Shaker et al. stated that there was a significant difference observed between patients with CLD and healthy people with respect to AFP, who declared that one of the limitations in the use of AFP for the diagnosis of HCC is its increase in patients who have hepatitis and CLD but who do not have HCC, but found that ANXA2 levels were highly and significantly increased in patients with HCC compared with the levels in patients with CLD and in controls; however, no statistical significance was found between patients with CLD and the healthy people with respect to ANXA2 expression [24].

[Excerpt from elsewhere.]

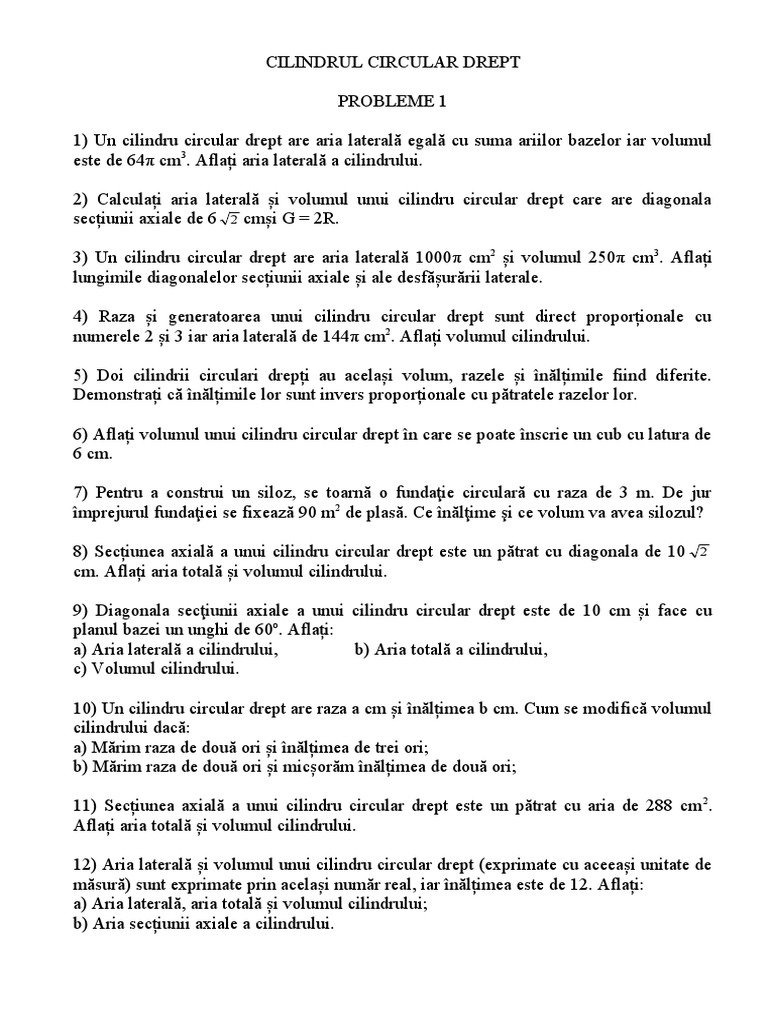Cilindrul Geometrie In Spatiu Arii Si Volume

This was explained by Zhang et al. who stated that the ANXA2 gene is upregulated in HCV-associated HCC [26]. In addition, Mohammad et al. stated that ANXA2 is rarely detected in either normal or chronic hepatic tissues but is over expressed at both the mRNA and protein levels HCC [27].
Wang et al. stated that, one of the possible mechanisms explaining the relationship between ANXA2 and HCC is promotion of HCC cell migration and invasion by ANXA2 pseudogene [28]. A recent study done by Lou et al. who reported that ANXA2 binds with Lung cancer associated transcript 1 (LUCAT1), which plays a key role in tumorigenesis, progression of HCC and a better therapeutic target for HCC patients. LUCAT1 inhibits the phosphorylation of ANXA2 and increase the secretion of plasminogen into plasmin [29].